Data Integrity and Lineage by using DLT, Part 2

2018-10-03

DLT, Data Integrity, Data Lineage, Distributed Ledger Technology, IOTA, IoT, Tangle

Other articles in this series:

Part 1
Part 2 (this article)
Part 3

In my previous article, we discussed different approaches for solving the data integrity and lineage challenges, and concluded that the “Hashing with DLT“ solution is the direction we will move forward. In this article, we will have deep dive into it. Please not that Veracity’s work on data integrity and data lineage is testing many technologies in parallel. We utilise and test proven centralized technologies as well as new distributed ledger technologies like Tangle and Blockchain. This article series uses the IOTA Tangle as the distributed ledger technology. The use cases described can be solved with other technologies. This article does not necessarily reflect the technologies used in Veracity production environments.

Which DLT to select?

As Veracity is part of an Open Industry Ecosystem we have focused our data integrity and data lineage work using public DLT and open sourced technologies. We believe that to succeed with providing transparency from the user to the origin of data many technology vendors must collaborate around common standards and technologies. The organizational setup and philosophies for some of the public distributed ledgers provides the right environment to learn and develop fast with an adaptive ecosystem.

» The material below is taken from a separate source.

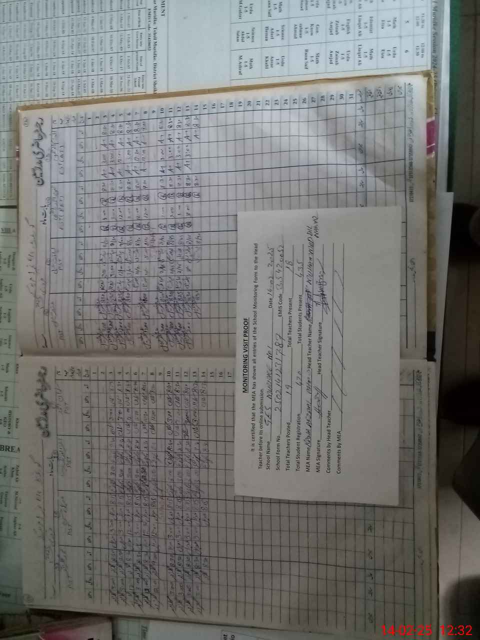 | Attendance Register | Head Teacher | MEA with School | Visit Proof |

There are many public DLT platforms nowadays, but not all of them (such as Bitcoin and Ethereum) are suitable for Big Data or IoT scenarios, such as:

We are tracking logical data entities (bits, files or data streams) instead of physical entities (coal, car parts or packages).
The granularity of data has much more detailed scale in IoT and the Big Data world. One example is, tracking every single piece of coal from a carrier ship sounds crazy, but tracking every data signal from thousands of sensors from the very same ship is quite common.
We need to use DLT to handle large volume of transactions within a short time period (e.g. send 1000 data points from one device to another device per minute)
We need to use DLT to store large amount of data (e.g. data integrity information of thousands of sensors)
1. High transaction fees will weaken the business case.

IOTA - the selected DTL for exploring

We have been watching closely at the technology evolution of distributed ledgers and exploring different possibilities. Currently we are exploring IOTA, which is a new type of DLT that foundationally different from other blockchain-based technologies. The high-level comparison can be found at IOTA FAQs, question “How is IOTA different from Blockchain?”
We decide to test our solution on top of IOTA, due to the following key features that IOTA offers:

Promise of higher performance and scalability: Thanks to tangle data structure.
Zero Transaction Fee: Machine to Machine micropayments. This way machines can pay each other for certain services and resources.

This is not an article of introducing IOTA, but you can learn more from https://www.iota.org

MAM protocol from IOTA

In addition, IOTA provides a protocol named Masked Authenticated Messaging (MAM) that easily fit into our solution. MAM provides an abstract data structure layer (channels) on top of regular transactions. In our solution, all read and write data into DLT (tangle) is around MAM channels. Check the article appendix for more resources of MAM.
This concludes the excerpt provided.